- Home Depot Inc. (The) (HD)
- Lowe's Companies Inc. (LOW)
- McDonald's Corporation (MCD)
- Dollarama Inc. (DOL)
Very high debt., - BV, dividend increase meagre and a ROE of 800+ - how is this possible with huge debt. - requiring cash flow to support it?
Find fundamentals confusing to say the least.
DOL has net debt of $2.9B, and equity of around $161M. The debt level is high compared to equity, but not too high relative to earnings power: net debt/EBITDA is around 2.6x, which is fair for a predictable business.
DOL has Negative book value as the company consistently repurchased shares over the years and the repurchased price was higher than the issued price in the past, as the company grew significantly over the years.
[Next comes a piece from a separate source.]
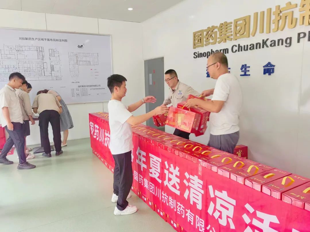 在成都,国药川抗党支部书记陈茂棠带领工会委员为生产一线和相关部门送上清凉饮料,感谢大家不畏酷暑、坚守岗位,为公司生产经营和发展做出贡献,要求各部门要加强高温防暑降温、中暑救防、职业病防治等知识的广泛宣传,认真落实防暑降温的各项具体措施,切实做到“清凉”与“生产”同行,“健康”与“发展”同行。
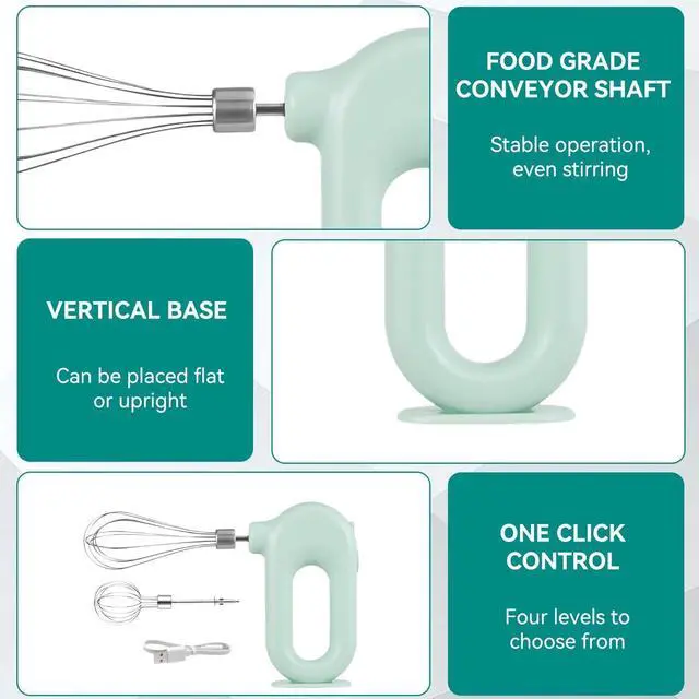 Four-speed Adjustable: The electric hand mixer whisk wireless rechargeable handheld egg beater has four speed adjustment to meet your different needs. Clear gear indication, the first slow speed is suitable for mixing/blending/mixing, the second low speed is suitable for seasoning/jam/batter, the third medium speed is suitable for complementary food/milkshake/whole egg, and the fourth high speed is suitable for cream/egg white/butter

Great businesses are the ones that do not need equity capital (companies such as MCD, HD, and LOW)
DOL’s dividends grew just slightly, as the company’s main way to return capital is through buybacks, whih we like it as it is tax-efficient. Lastly, ROEs may not be an appropriate metric to evaluate a business like DOL, we think Return on Invested Capital (debt + equity) is a better one.
Overall, accounting figures may confuse investors, what matters for investors is the underlying fundamentals of the business, and we think DOL is great business to own.